More broadly, it is clear that federal investments in R&D bring significant returns for decades to come. In 1987, MIT Professor Robert Solow was awarded the Nobel Prize in Economics for his work proving that improved technology and improved education in the workforce was chiefly responsible for long-term growth, much more than increases in labor or capital. The current best estimate for the return on academic research alone is 28 percent. Federal efforts are underway now to more rigorously quantify the return on federal investments in R&D.
Today we find ourselves at a crossroads.

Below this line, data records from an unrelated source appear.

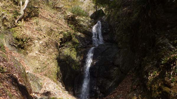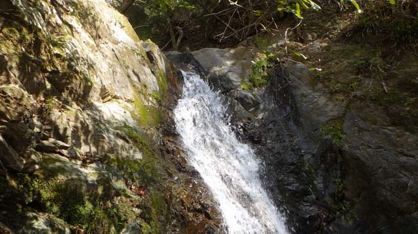 簡単な小滝を通り過ぎて少し行くと、二段15〜18mの滝が出てくる。
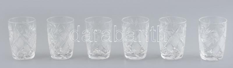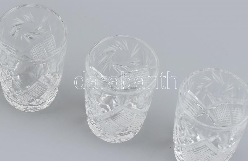 Leírás: Ólomkristály likőrös pohár, metszett, kis kopásnyomokkal, egyik repedt, 6 db,.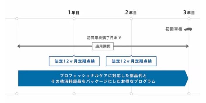初回車検まで1年ごとの定期点検、交換部品の交換工賃が無料になります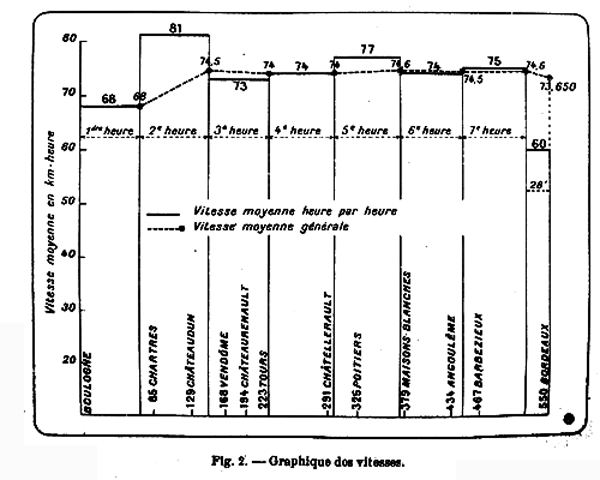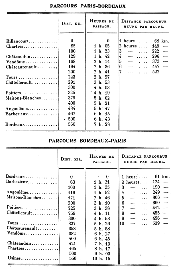 La durée totale de marche de Bordeaux à Billancourt a été de dix heures quinze minutes, ce qui correspond à une vitesse moyenne de 53km,658 à l’heure.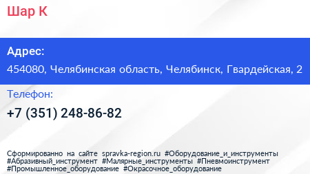 Шар & К по адресу 454080, Челябинская область, Челябинск, Гвардейская, 2 в дальнейшем Организация, размещена в следующих категориях: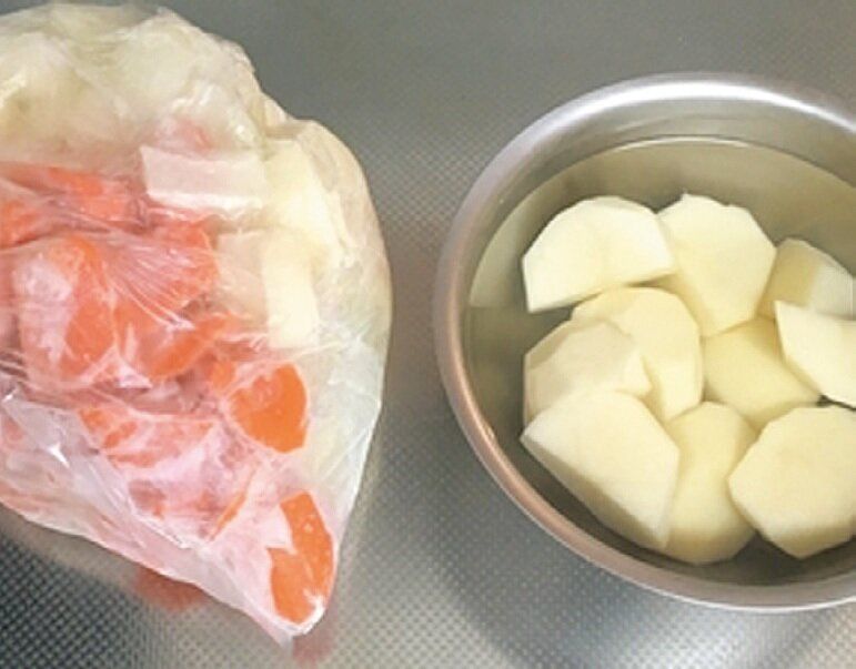 野菜の下ごしらえは、1回の手間で3回分は終わらせます。今日使う分以外は、1回分ずつ保存袋に入れて冷蔵室で保存。玉ねぎとにんじんは同時に使うことが多いので、まとめて袋に入れています。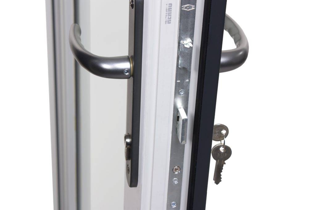 Одним из важнейших элементов двери является замок. Устройство запорных элементов может различаться. Существуют простые замки и более сложные варианты. Из незатейливых конструкций в алюминиевых дверях рекомендуется использовать ригельные запорные элементы с несколькими точками закрепления полотна. Для входных групп лучшим решением является врезной замок.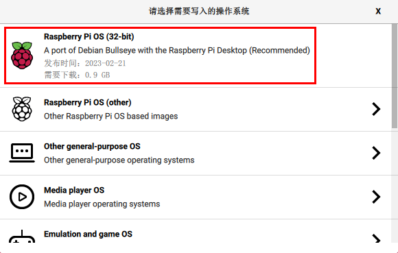 (3)打开imager工具。选择“Raspberry Pi OS(32-bit)”。

The United States remains a leader in science, technology, and innovation, but no longer the unchallenged leader. While our own world-class innovation infrastructure is under stress, our competitors in other countries, even as they institute austerity measures in other parts of their budgets, are seizing the opportunity to make strategic investments in long-term basic research and build and leverage public-private partnerships to support shorter-term R&D that will help create jobs now and long into the future. As we struggle with our own deficits, we too can make the strategic choice to continue to invest in our future, both in our human capital and physical infrastructure – or we can make the strategic choice to permanently cede our leadership, to fail our current generation of young people, and to put our economy in a state of stagnation for years to come.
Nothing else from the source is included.